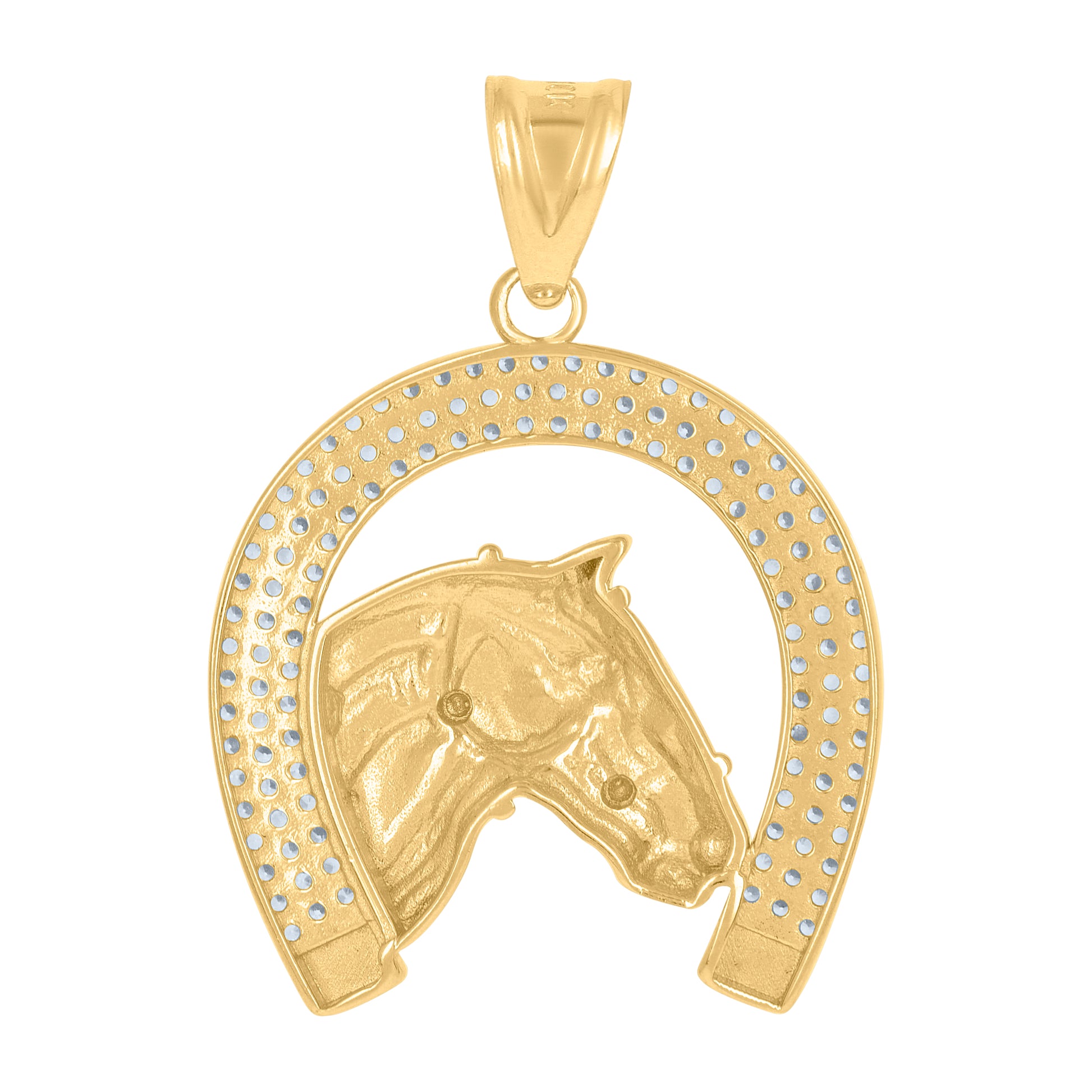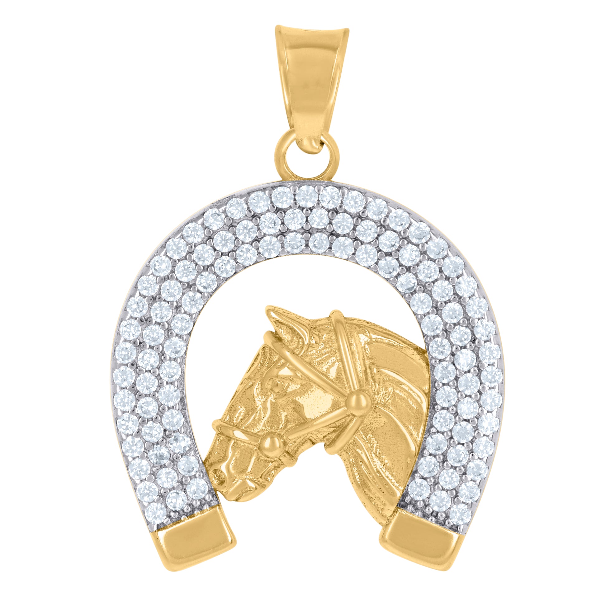 10kt Two-Tone Gold Mens Cubic-Zirconia Horse Head Horseshoe Good Luck Charm Pendant
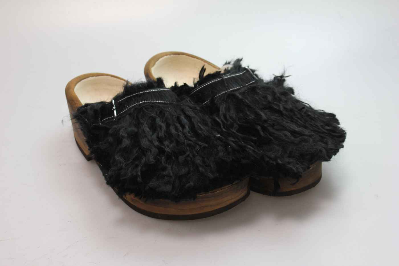 Der Holzschuh, mit dem Sie sicherlich auffallen werden. Außen verwenden wir für dieses Modell Ziegenfell. Für zusätzichen Komfort ist er auch mit Schaffell gefüttert. Im Bild sehen Sie das Unikat, welches Sie erhalten.
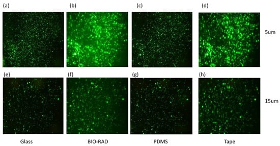 To study the quality of fluorescence imaging through the top seal cover, we separately loaded the microfluidic channel with fluorescence particle samples with a particle size of either 5 μm or 15 μm. The samples were observed under a microscope through four different types of top covers, namely, thin cover glass, Bio-Rad, PDMS and double-sided tape. Figure 3a–d shows the images of the 5 μm particles, and in Figure 3e–h, the images of the 15 μm particles are shown, which correspond to the setup for devices with different top seals.

■ Aim of the task ■
Please, without any of the pictures, set down exactly the lines from the beginning of the listing to the line that contains "Der Holzschuh, mit", inclusive.

■ Written answer ■
 10kt Two-Tone Gold Mens Cubic-Zirconia Horse Head Horseshoe Good Luck Charm Pendant
 Der Holzschuh, mit dem Sie sicherlich auffallen werden. Außen verwenden wir für dieses Modell Ziegenfell. Für zusätzichen Komfort ist er auch mit Schaffell gefüttert. Im Bild sehen Sie das Unikat, welches Sie erhalten.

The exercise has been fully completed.